Let $\mathcal{B}\left(\mathbb{R}\right)$ be the Borel $\sigma$-field of $\mathbb{R},$ i.e. the $\sigma$-field generated by the class of open sets in $\mathbb{R}$.
Let $\mathcal{B}\left(\mathbb{R}^d\right)$ be the Borel $\sigma$-field of $\mathbb{R}^d,$ i.e. the $\sigma$-field generated by the class of open sets in $\mathbb{R}^d$.

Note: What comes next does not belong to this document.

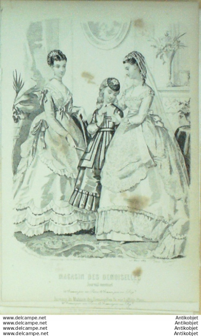 Gravure Mode Magasin Demoiselles 1869 # 3B (aquarellee Old Fashion plate)
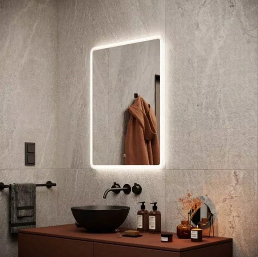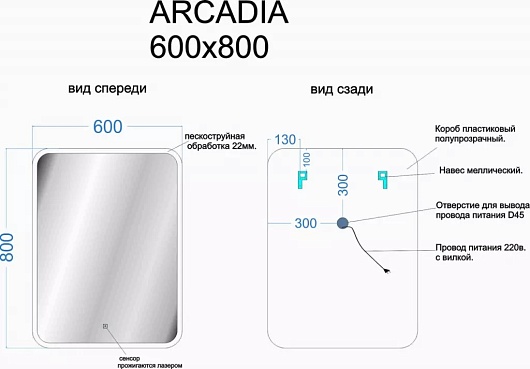- Дополнительное оснащение зеркала: регулируемая подсветка / подвесы.

To show that $\mathcal{B}\left(\mathbb{R}^d\right)=\left\{\mathcal{B}\left(\mathbb{R}\right)\right\}^d,$
where $\left\{\mathcal{B}\left(\mathbb{R}\right)\right\}^d$ denotes the cartesian product $\mathcal{B}\left(\mathbb{R}\right) \times \cdots \times \mathcal{B}\left(\mathbb{R}\right) (d \text{ times})$.
The claim is not true; just look at an open set of $\mathbb{R}^d$ which is not the product of open sets of $\mathbb{R}$, like the unit ball. It would be true that the Borel subsets of $\mathbb{R}^d$ are generated by $\mathcal{B}(\mathbb{R})^d$.